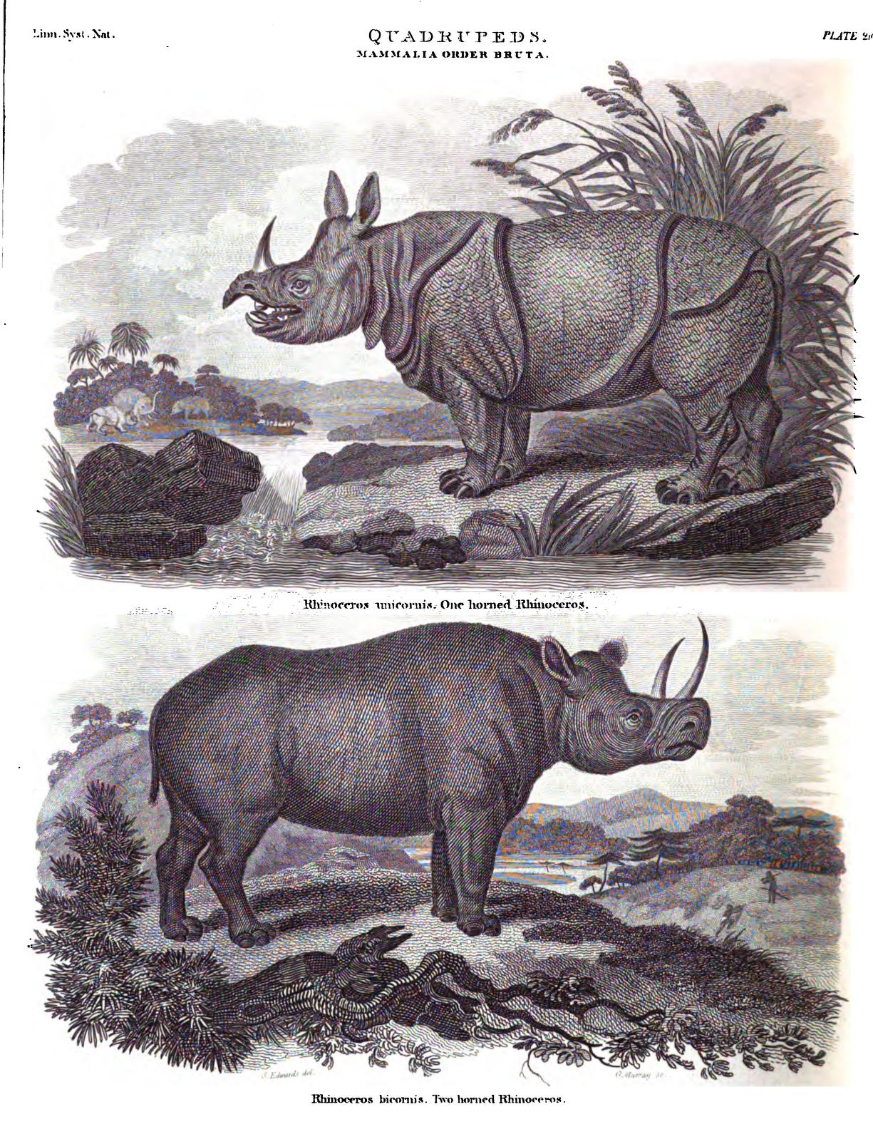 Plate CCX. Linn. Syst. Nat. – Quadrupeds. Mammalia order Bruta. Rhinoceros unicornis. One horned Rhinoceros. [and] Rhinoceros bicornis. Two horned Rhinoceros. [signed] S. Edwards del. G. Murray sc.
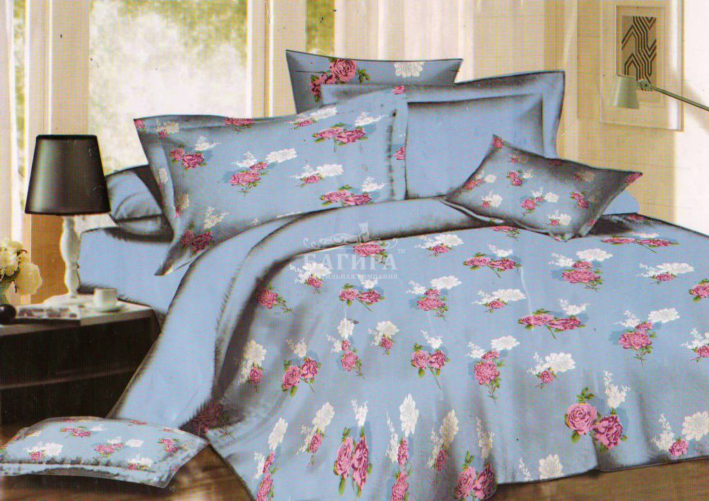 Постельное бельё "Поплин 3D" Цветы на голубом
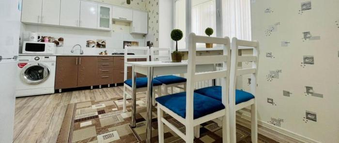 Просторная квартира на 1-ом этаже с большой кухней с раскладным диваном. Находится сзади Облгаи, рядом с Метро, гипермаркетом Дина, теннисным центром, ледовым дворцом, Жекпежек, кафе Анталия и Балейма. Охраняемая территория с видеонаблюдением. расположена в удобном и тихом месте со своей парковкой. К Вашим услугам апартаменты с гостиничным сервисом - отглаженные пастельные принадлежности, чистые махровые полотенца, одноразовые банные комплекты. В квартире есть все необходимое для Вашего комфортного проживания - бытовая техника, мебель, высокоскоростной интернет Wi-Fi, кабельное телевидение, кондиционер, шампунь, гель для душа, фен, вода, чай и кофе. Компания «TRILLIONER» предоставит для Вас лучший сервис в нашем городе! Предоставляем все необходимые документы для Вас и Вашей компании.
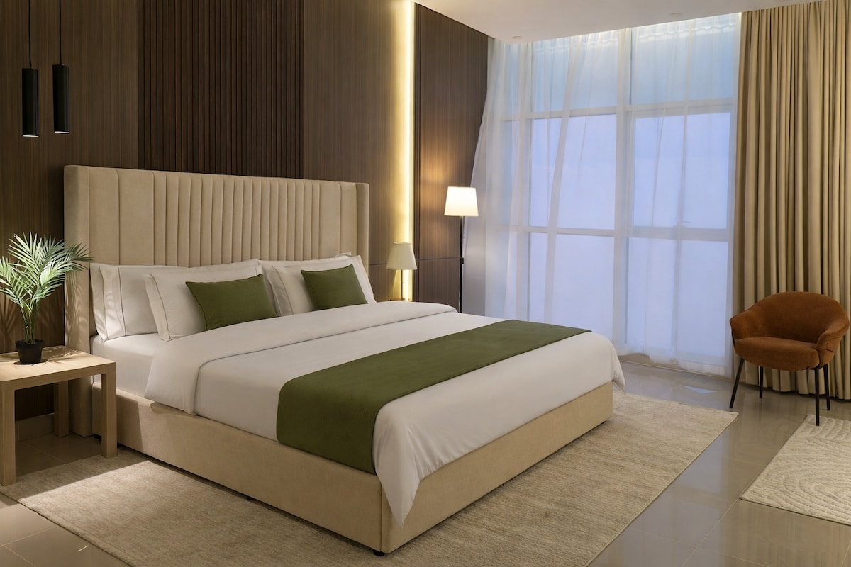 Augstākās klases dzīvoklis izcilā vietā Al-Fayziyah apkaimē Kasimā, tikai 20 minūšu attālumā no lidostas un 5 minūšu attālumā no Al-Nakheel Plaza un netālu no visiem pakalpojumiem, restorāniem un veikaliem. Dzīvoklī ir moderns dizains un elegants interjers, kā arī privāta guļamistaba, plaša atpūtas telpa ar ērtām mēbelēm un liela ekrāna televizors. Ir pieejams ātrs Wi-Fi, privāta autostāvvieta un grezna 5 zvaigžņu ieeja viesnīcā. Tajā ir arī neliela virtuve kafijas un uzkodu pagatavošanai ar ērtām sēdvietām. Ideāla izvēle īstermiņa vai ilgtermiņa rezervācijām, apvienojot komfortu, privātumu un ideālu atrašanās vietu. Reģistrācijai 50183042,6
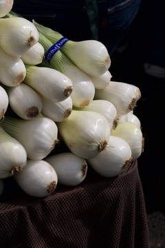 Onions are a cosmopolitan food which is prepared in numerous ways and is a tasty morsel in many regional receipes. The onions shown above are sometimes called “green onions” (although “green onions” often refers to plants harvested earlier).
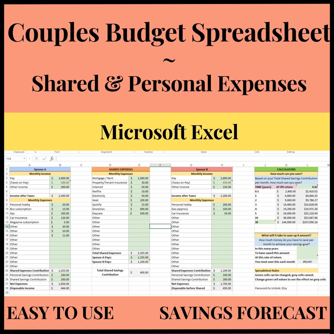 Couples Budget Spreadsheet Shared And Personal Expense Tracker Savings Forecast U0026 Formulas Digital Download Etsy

Your goal
Needed here is a verbatim copy of the data from the first line through the line with "Цветы на голубом", without pictures.

Problem solution
 Plate CCX. Linn. Syst. Nat. – Quadrupeds. Mammalia order Bruta. Rhinoceros unicornis. One horned Rhinoceros. [and] Rhinoceros bicornis. Two horned Rhinoceros. [signed] S. Edwards del. G. Murray sc.
 Постельное бельё "Поплин 3D" Цветы на голубом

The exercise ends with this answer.